Another Lake Merritt BBQ’n While Black Fest

BBQ’n While Black. Courtesy of Facebook page.

This time Police were welcomed and helped direct traffic

Thousands of people showed up this past Sunday for Oak­land’s second annual BBQ’n While Black festivities at Lake Merritt, celebrating Black cul­ture and Black life in a spirit of resistance to racism and gentri­fication.

Blankets and lawn chairs lined the east side of the lake, as people grilled, listened to music, played games, danced, relaxed with friends and fami­lies and enjoyed the company of strangers.

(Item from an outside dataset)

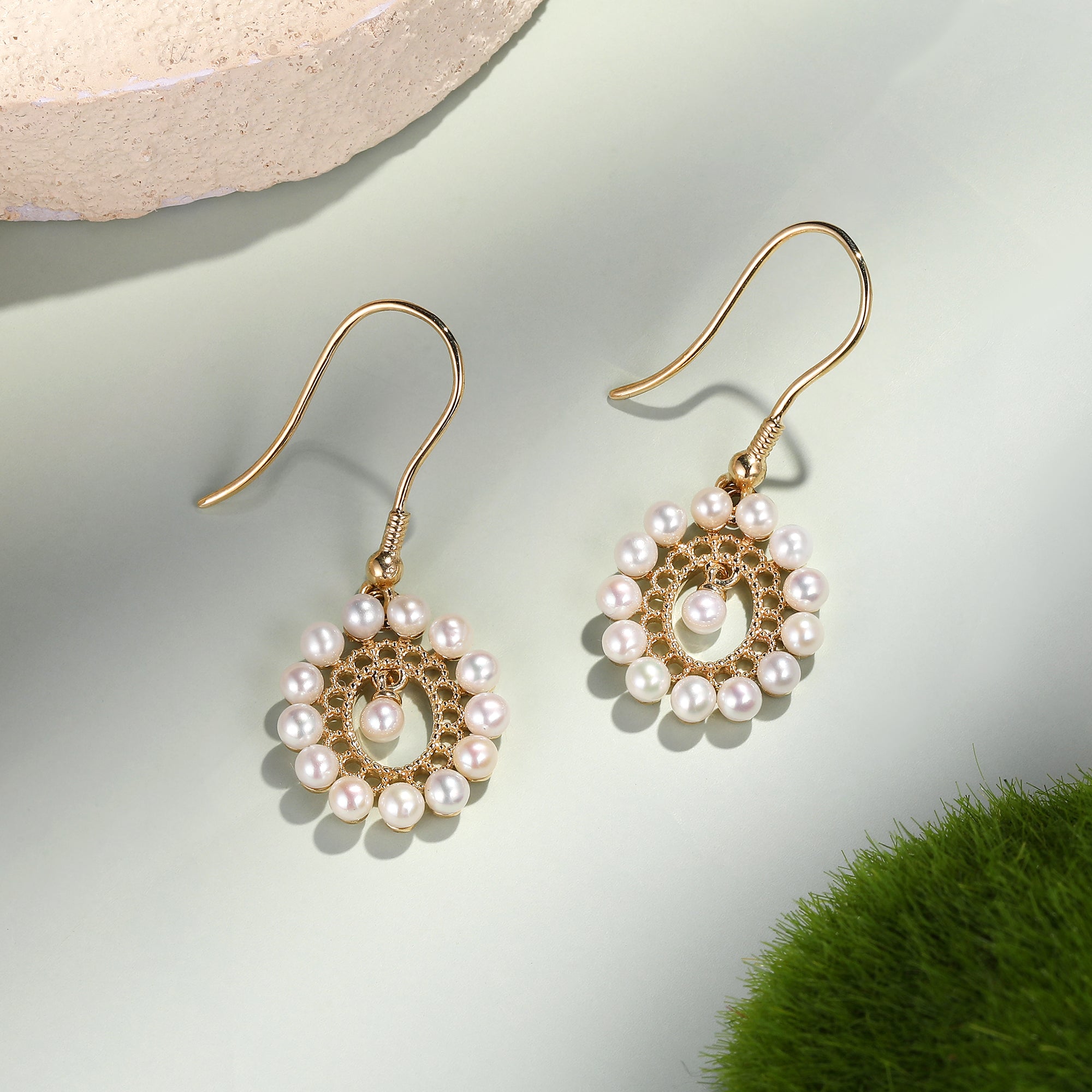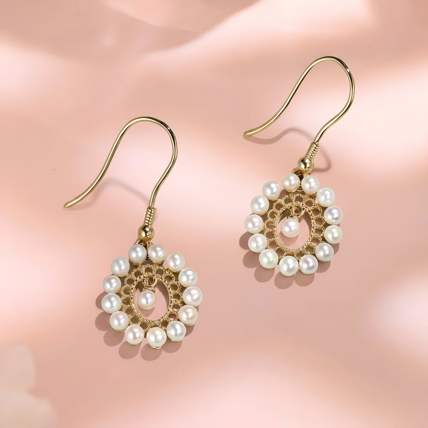 Pearl Beaded Circle Drop Earrings

The celebration began last year as an act of defiance when a white woman, referred to as BBQ Becky, called the police over two Black men who were barbecuing at Lake Merritt. Go­ing viral, the video of the inci­dent ignited the first BBQ’n While Black celebration, along with local and national discussions about racism and the impact of gentrifiers in Oakland and other urban ar­eas who capitalize on their privilege to criminalize and displace Black residents.

“Last May two of Oak­land’s beloved influencers were unlawfully harassed for hours by a white female for simply barbecuing at Lake Merritt with their friends and family. This racist woman attempted to imprison and threaten two Black men and tarnish the beauty and culture of Oakland, (gaining) nation­al attention,” according to the BBQ’nWB Facebook page.

This year, the party at Lake Merritt placed more emphasis on the positive. “What started out as a response to racial in­justice has quickly ballooned into a clarion call for love, community, and culture,” ac­cording to the Facebook post. “BBQ’nWB is about people of all races, genders, and places of origin coming together in the spirit of what we call the Real Oakland! We are beyond excited for the second annual BBQ’nWB to lift up the Oak­land that we’ve always known and loved…”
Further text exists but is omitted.